Hello, just wondering, does the MD5 hash's only contain 0-9 and the letters A-F or does it contain the whole spectrum of Alphanumeric characters.
MD5 Hash String Characters
NeXEA wrote:does the MD5 hash's only contain 0-9 and the letters A-F or does it contain the whole spectrum of Alphanumeric characters.
An MD5 hash is an integer. When you represent an integer in hexadecimal using the conventional notation, you would only use the digits 0 to 9 and the letters A to F. You could represent the integer in base 36 and it could well "contain the whole spectrum of Alphanumeric characters", or you could use some unconventional notation and then there might be no alphanumeric characters at all.

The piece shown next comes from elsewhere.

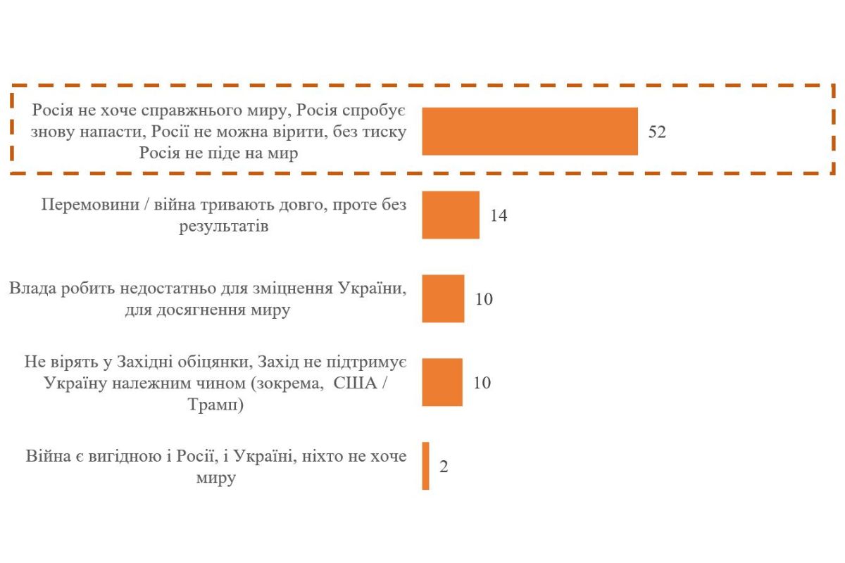 Основной причиной скепсиса 52% опрошенных назвали нежелание России идти на мир и ее планы продолжать войну. Респонденты отмечали, что "цель России — это уничтожение Украины, они не успокоятся", а также отмечали, что "договоренности с Россией, как говорил классик, не стоят бумаги, на которой они написаны". Опрошенные высказывали мнение, что пока у россиян будут оставаться ресурсы, они будут двигаться вперед, а любой мир без развала РФ будет временным.

And, being an integer, it can be written in decimal; in which case it could potentially be anything between 0 and 340,282,366,920,938,463,463,374,607,431,768,211,455 inclusive. And of course those could be represented as "zero" and "three hundred forty undecillion two hundred eighty-two decillion three hundred sixty-six nonillion nine hundred twenty octillion nine hundred thirty-eight septillion four hundred sixty-three sextillion four hundred sixty-three quintillion three hundred seventy-four quadrillion six hundred seven trillion four hundred thirty-one billion seven hundred sixty-eight million two hundred eleven thousand four hundred fifty-five".
Writing it as 32 hex characters is usually more convenient, though.
...and that there is the option of returning it as a string of sixteen bytes (which is equivalent to writing it in base 256).